As part of our efforts to meet the requirements of the Federal
Financial Institutions Examination Council (FFIEC), we now ask
all Barclays Online Banking users to confirm
their account information. It's a smart and simple way to add an
additional level of protection to your account. We
may periodically ask you to login into your Barclays Online Banking account as a quick identity
check. That way, when you drop in to do business, we'll know it's you. Sincerely, |
Scam email ends
The header looks correct on this mail and the logo is right but my name in the email is incorrect. There is no such institution as the Federal Financial Institutions Examination Council and even if there was it would not apply to a UK clearing bank. Checking the headers of the mail revealed that the return-to path is dying-to-buy@feral.co.uk. So the mail did not originate from Barclays.
Moreover, the link in the email links through to this site "http://zidd.com/bbs/data/freeboard/ibank.barclays.co.uk/olb/u/ definitely not a Barclays domain. So, this is a phising email trying to get hold of my bank details.
If ever you get an email trying to get you to a site where you will have to enter personal details treat it very suspiciously. If you repeat the kinds of cheks that I've shown here it will generally reveal a phishing attemp to you. But if that doesn't work contact the institution by phone. Never use a link in an email to contact any financial situation. Follow these rules and you will protect yourself from phishing scams.
Unfortunatly this type of fraud is becoming more prevalent, mainly because of the relative ease with which it can be set up and the simplicity of getting unsuspecting people to divulge personal information to the phishers: including credit card numbers, social security numbers, and security answers such as mothers' maiden names.
The easiest way to combat phishing attacks is to modify users' behaviour by education. The simplest way is to teach users to modify their browsing habits. Users who are contacted about an account needing to be "verified" (or any other topic used by phishers) can contact the company that is the subject of the email to check that the email is legitimate, or can type in a trusted web address for the company's website into the address bar of their browser to bypass the link in the suspected phishing message.

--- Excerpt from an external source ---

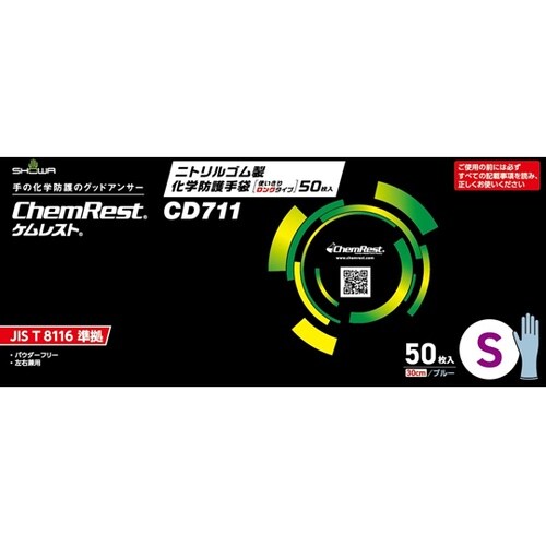 ニトリルゴム製化学防護手袋 使いきりロングタイプ S ブルー 1ケース(50枚×20箱入) CD711−S(1ケース) 1ケース
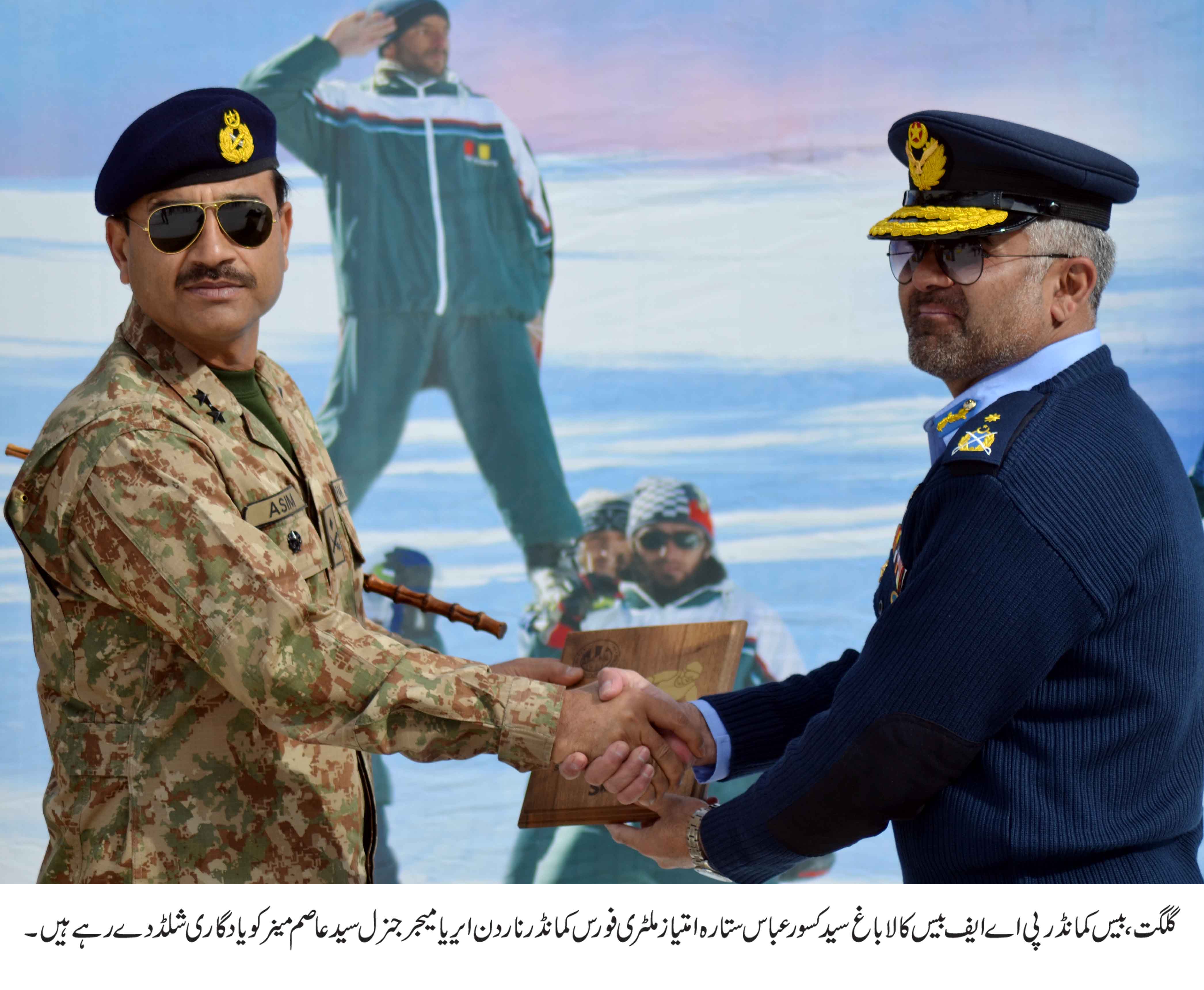 گلگت( فرمان کریم)ہر سال کی طرح گلگت کے سیاحتی مقام نلتر میں چیئرمین جوائنٹ چیف آف سٹاف کمیٹی سکی کپ، شاہ خان سکی کپ اور انٹر سروسز سکی کپ کا آغاز ہو گیا ۔ ا فتتاحی تقریب کے مہمان خصوصی فورس کمانڈر ناردن ایریاز میجر جنرل سید عاصم مینر تھے۔ مہمان خصوصی نے افتتاحی تقریب سے خطاب کرتے ہوئے کہا کہ اس قسم کی سرگرمیوں سے ہمارے نئے کھلاڑیوں کو اپنے اندر چھپی پوئی صلاحیتوں کو اجاگر کرنے کا موقع ملے گااور کھلاڑیوں کو انٹرنیشنل سطح پر اپنے ملک کا نام روشن کرنے کا موقع ملے گا۔پاک فضائیہ اور پاکستان سکی فیڈریشن کی کاوشوں سے انٹر نیشنل سطح پر سکی کو فروغ دینے میں اہم کردار ادا کیا ہے۔اُنہوں نے کہا کہ یہ بات حوصلہ افزا ہے کہ پاکستان سکی فیڈریشن اور پاک فضائیہ نے نلتر میں بچوں کے لئے سکی سکول قائم کیا ہے اور امید ہے کہ بچے سکی کے ساتھ اپنے اعلیٰ تعلیم پر توجہ دے کر ملک کا نام روشن کرینگے۔افتتاحی تقریب سے خطاب کرتے ہوئے مہمان خصوصی نے کہا کہ نلتر میں سکی ریزوٹ کو انٹر نیشنل معیار کے مطابق بنائے گئے ہیں۔جس میں پاکستان سکی فیڈریشن اور پاک فضائیہ کی انتظامیہ نے بہت محنت کی ہے جو کہ قابل ستائش ہے۔

The truth is that nearly all legitimate email messages from companies to their customers will contain an item of information that is not readily available to phishers. Some companies, like PayPal, always address their customers by their username in emails, so if an email addresses a user in a generic fashion ("Dear PayPal customer") it is likely to be an attempt at phishing. Emails from banks and credit card companies will often include partial account numbers they will also always refer to you by name. Always, always be suspicious if the message does not contain specific personal information. Though phishers are now increasingly using publicly-available information to address their emails more personally so that it is not necessarily safe to rely on personal information alone as a sign that a message is legitimate.